Naturally, for the goals you set to be of any real consequence to your employee, you will need to find a way to get them engaged in the process. Have employees take an active hand in shaping their own roadmap if you truly want your coaching to be more effective for them. Make sure that the goals you are setting with your employees are specific enough to be unambiguous. You should also be able to measure progress towards goals in a reasonable manner.
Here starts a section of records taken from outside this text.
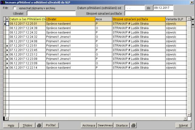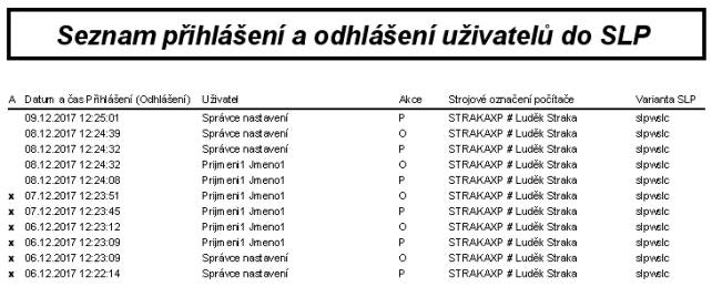 Seznam přihlášení a odhlášení uživatelů do SLP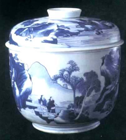 康熙青花山水人物紋蓋罐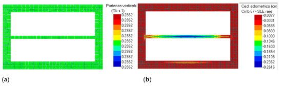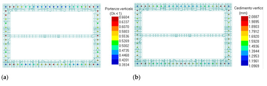 The design of this intervention was carried out with the finite element analysis calculation software Pro_Sap. In Figure 18 and Figure 19 the synthetic verification, together with the calculation of the bearing capacity and the subsidence check of the foundation FEM model of the original structure, is shown. The same results are depicted in Figure 20 and Figure 21 for the micropiles and beams, respectively, of the reinforced foundation structure.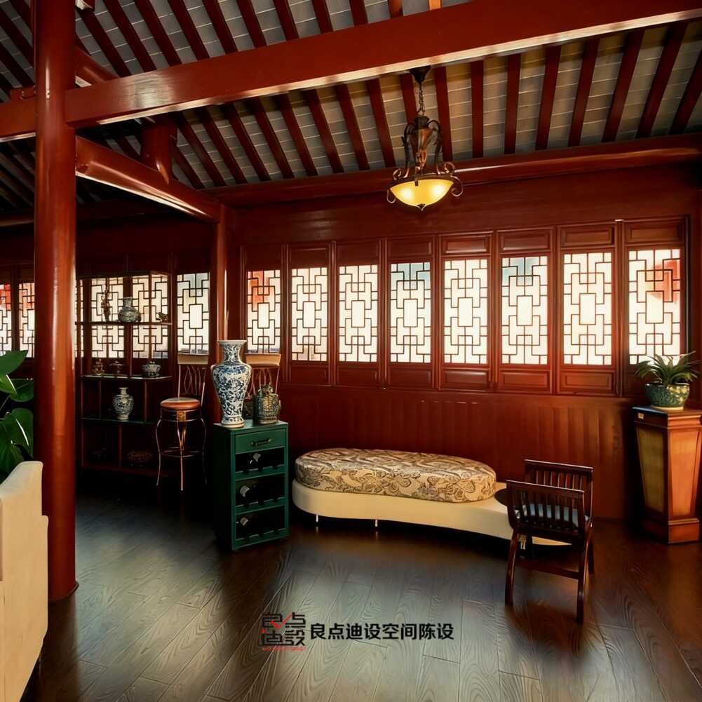 紅棕木調(diào)+復(fù)古燈?這套茶樓軟裝設(shè)計直接封...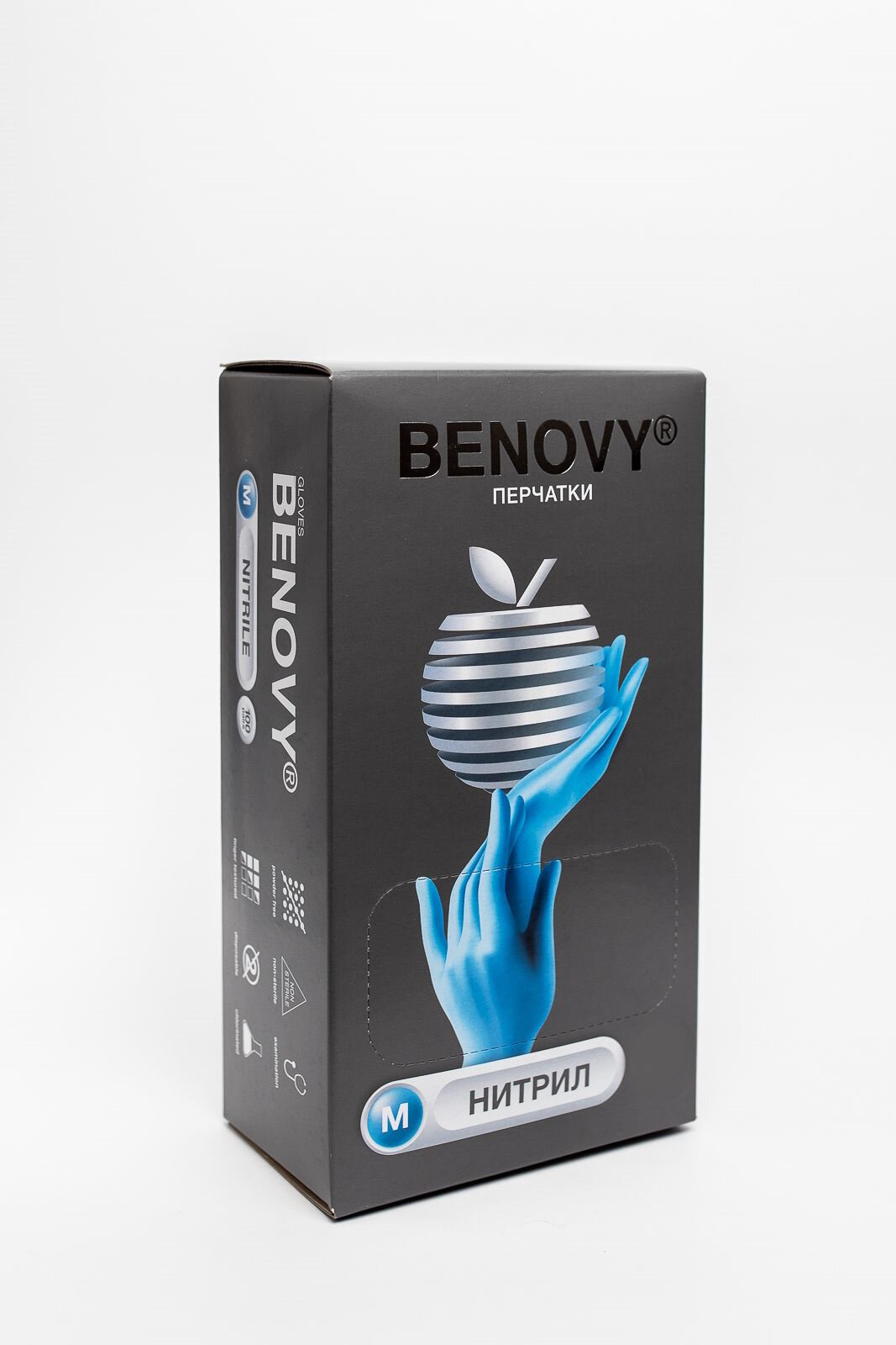 Перчатки одноразовые нитриловые смотровые Benovy с текстурой на пальцах, голубые, нестерильные, размер M, 100 пар, 10 уп.

Unattainable or overly challenging goals often lead to poor results, making it imperative that you aim to set goals your employees can actually reach.

2. Prioritize transparency

Supervisors who are looking to bring out the best in employees that they manage must take the time to make the coaching environment more open and inviting. Transparency makes it easier for employees to understand precisely why they are being asked certain questions or instructed in certain ways. However, it is extremely important to keep in mind that transparency is a two-way street.

Employees who are subjected to undue pressure and made to feel like the bad guy whenever they open up about what they are going through are highly unlikely to progress much, if at all. As employees work to improve their performance, they should be encouraged to express their perspectives and concerns along the way. This can create a far more trusting, constructive and effective training and coaching environment for all, leading to far better outcomes.

3. Focus during coaching sessions

When it comes to getting your employees fully involved in their training sessions, it helps to lay a few ground rules governing potential distractions. Phones and other interruptions detract from the session tremendously and can make it difficult to get much of anything done. Letting employees know that all of their attention should be on the task at hand during coaching sessions and such distractions should not be present is a good way to get started. However, this is very much a two-way street.

Just as you would not appreciate employees answering their phones and otherwise zoning out during coaching sessions, you should give them the same courtesy. Give trainees your undivided attention during each session to help convey the high priority you are giving them and their progress.

4. Reward progress often

Motivating employees to take their coaching seriously is integral to any performance improvement program's effectiveness. This is best done with real, tangible rewards. However, it is important to note that these rewards need not be particularly monumental to be effective. Recognizing employees’ progress leads to increased workplace happiness, which helps to foster far better outcomes across the board.

Rewards should be a consistent part of the process. This means rewarding not only major milestones, but minor achievements as well should be a priority. This way, each reward forms part of a series of positive reinforcements that lead team members from point 'A' to point 'B'.

5. Leverage conversation intelligence

A conversation intelligence solution like CallMiner provides valuable, real-time insights to help you manage your workforce effectively, boost operational performance, and improve the employee experience. CallMiner analyzes all customer interactions, providing automated scoring to identify agent performance issues and opportunities for performance improvement.

Automated scorecards also promote a culture of self-improvement, offering real-time feedback to help agents identify potential shortcomings and incorporate real-time guidance into their interactions for better outcomes. Supervisors also can gain insights from interactions to deliver objective, data-driven feedback to encourage performance improvement.

Employee coaching matters

Although it can be tempting to adopt a simple, streamlined coaching process that can be applied across your organization without much difficulty, the value of a more customized approach can’t be overstated. Only 42% of the most important roles within most companies have been found to be fillable with said companies' current employees. The need for talent is endless and upskilling can help to supply vital professionals where they are most needed for less capital. All the more reason to take employee coaching seriously.